By YOURI KEMP
Tribune Business Reporter
ykemp@tribunemedia.net
A Grand Bahama businessman yesterday suggested that the Government create more “Freeports outside Freeport” until the situation with the existing city resolves itself.
Speaking after Friday’s protest outside the Grand Bahama Port Authority (GBPA), James Rolle, Dolly Madison’s general manager, told Tribune Business: “The GBPA has not been looking out for the interest of Grand Bahama for a couple of decades, but what’s really happening now is the small man is feeling the pinch. I think that’s what this is.
“It seems like all of the breaks, or the majority of the breaks that are happening in the Freeport area, and especially when it comes to investment, goes for foreign people. They are getting those breaks.
“Most of the Bahamian businesses in Grand Bahama are small businesses, and it’s the small businesses that really drive the economy. If the small businesses dry up, then basically even big businesses will find it difficult to operate.”
Mr Rolle said that while the demonstrators were justified in their actions, he does not know what it will achieve or prove. He suggested that the Grand Bahama Chamber of Commerce start advocating more forcefully on the private sector’s behalf.
“The Grand Bahama Chamber of Commerce may be able to expand its wings if small businesses see that there is a voice. I believe right now the Grand Bahama Chamber of Commerce, as a representative of the licensees of the GBPA, have a greater voice with the GBPA than the Government,” Mr Rolle said.
Asked whether the Government and, by extension, The Bahamas should break with Freeport’s founding treaty, the Hawksbill Creek Agreement (HCA), which still has 32 years to run, Mr Rolle offered an alternative.
“The Government still controls the West End and East End of Grand Bahama.
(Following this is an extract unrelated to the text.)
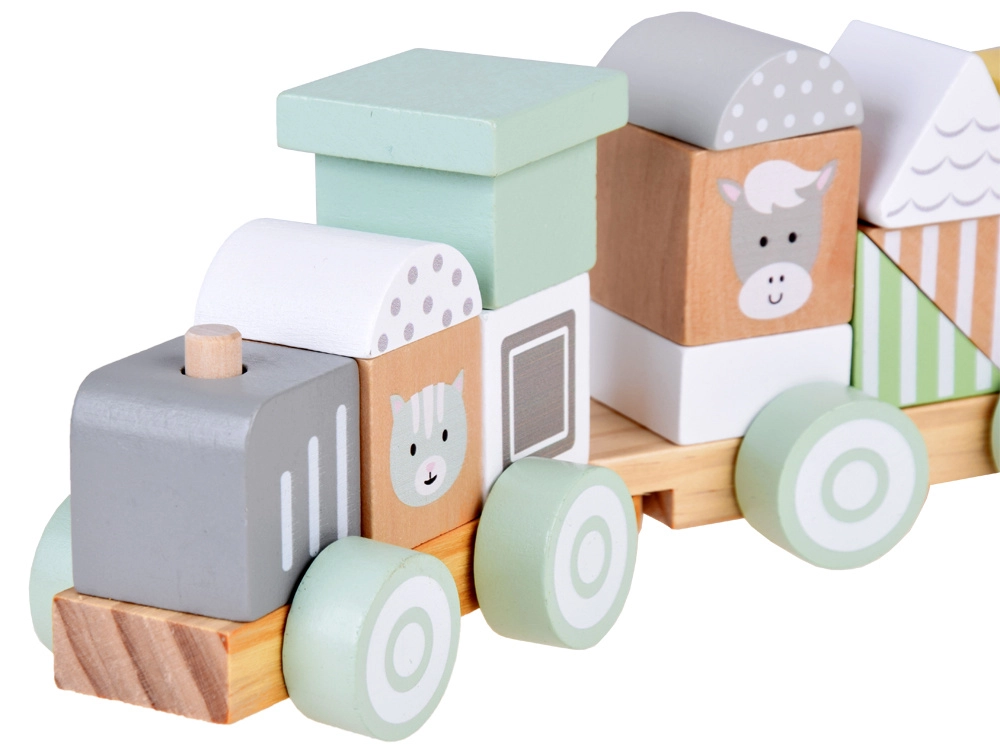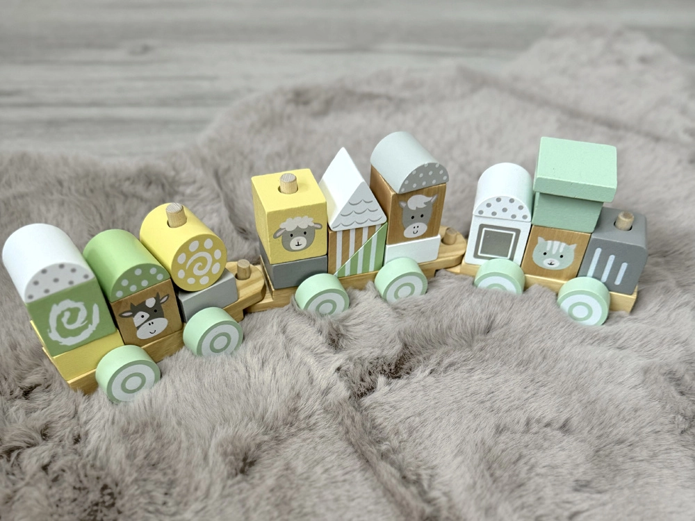 Cada vagón de este tren está sólidamente fabricado en madera resistente y se conecta fácilmente con los demás, creando un tren largo que los niños pueden desplazar por el suelo. Los colores pastel le aportan un encanto especial y combinan perfectamente con cualquier habitación infantil.

They should just create more Freeport’s around Freeport, and leave the current city of Freeport to its own devices until it sorts itself out,” he argued.
“I wish there was a way for the Government to take it and give it to somebody else. The only thing is that if the Government breaks the contract, who is actually going to manage Freeport?
“There’s still a lot at stake when the Government breaks that HCA. Does the government then take back a lot of that vacant land that actually comes under the portfolio of the GBPA, and who’s going to manage that? So if we talk about the Government literally taking over or giving the GBPA to someone else, who’s going to manage it is my only concern.”
Alfredo Bridgewater, owner/operator of Coco Nutz, added: “I missed the protest, but I guess the general sense was that the GBPA weren’t doing enough to push investment this way.”
Arguing that large Grand Bahama industrial enterprises have already “rebounded” from COVID-19, but tourism-based businesses have yet to do so, he said: “This is too long for our airport to be the way it is, and our tourism industry will not rebound quickly if the airport remains in the state it is in now.
“It is unfair that the people who have benefited from that airport all of these years refuse to fix the airport for the betterment of the Grand Bahamian community.”
Mr Bridgewater stopped short of calling for the Government to break the HCA, saying: “There are some good pieces in the HCA, and I think it was written well enough where people had different visions and foresight into what they saw Freeport becoming.
“But, right now, we are in the third generation of family ownership of the GBPA, and I don’t think the people running it now have the drive to keep the GBPA going. They are only interested in a pay cheque and job security.”